Gresham House, Bishop’s Palace
Galveston Historical FoundationClayton worked quickly and new ideas appeared to come easily. Mrs. Clayton claimed that the idea for the design of the octagonal-shaped Garten Verein came to Clayton instantly, and he finished the plans in a single night.
His most spectacular residential design, the Walter Gresham House (1887-1892) (known today as Bishop’s Palace) rises three stories over a raised basement and boasts fourteen-foot ceilings. Among
the grand details is a forty-foot tall octagonal mahogany stairwell with stained glass on five sides lit by a large skylight. Listed on the National Register of Historic Places, the Gresham House is one of the most significant Victorian residences in the country.

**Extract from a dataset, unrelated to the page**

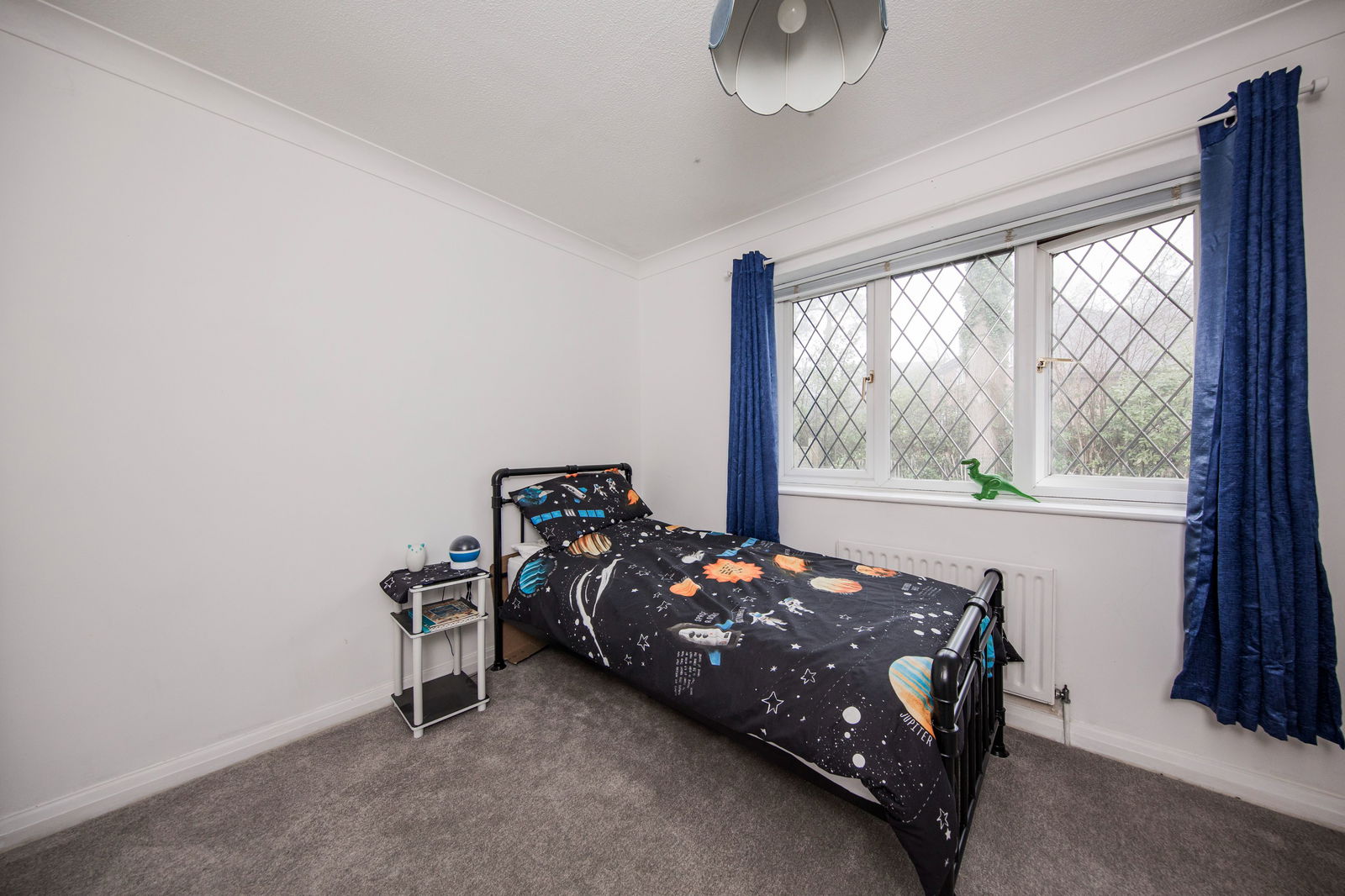 Single fitted wardrobe, recently fitted carpet, radiator and window overlooking the rear garden with fitted blind and curtains.

Despite his prolific production and vigorous work ethic, Clayton’s son acknowledged that his father wasn’t a very good businessman. His insistence on perfection, often caused him to go over budget for a project, and he would continue working at his own expense. He mostly left financial arrangements to others. His concern centered on creating outstanding buildings. Eventually, his relaxed business practices and dependence on a partner to follow through on a contract while Clayton was out of town, caused him to forfeit a bond that eventually resulted in bankruptcy. As the legal battle dragged on for ten years, many clients turned their backs on him and refused to pay. Devastated by the loss of his integrity and prestige, the final blow came when the 1900 storm––still considered the worst natural disaster in US history––severely damaged or destroyed many of his finest designs.
He continued to get small projects such as the design and reconstruction of the main building of St. Edward’s University in Austin after a fire damaged the original structure. He built the new Incarnate Word Academy in Houston, but he could never get a bond for a large contract.
In November 1916, as he repaired a crack in his chimney, the candle he held ignited his undershirt. Severely burned, he developed pneumonia and died on December 9, 1916.
Mrs. Clayton grieved to her husband’s dear friend Rabbi Henry Cohen, that she did not have money for a proper monument. Rabbi Cohen replied, “Oh, you don’t need one, my dear Mary Lorena. He’s got them all over town. Just go around and read some cornerstones.”
Today, eight buildings of Nicholas J. Clayton design, survive on the Strand, thirty-four remain all over the country, and eighty-six have been razed. His legacy continues in the beauty and style he brought to his beloved Galveston, known as “The Texas Victorian Oasis.”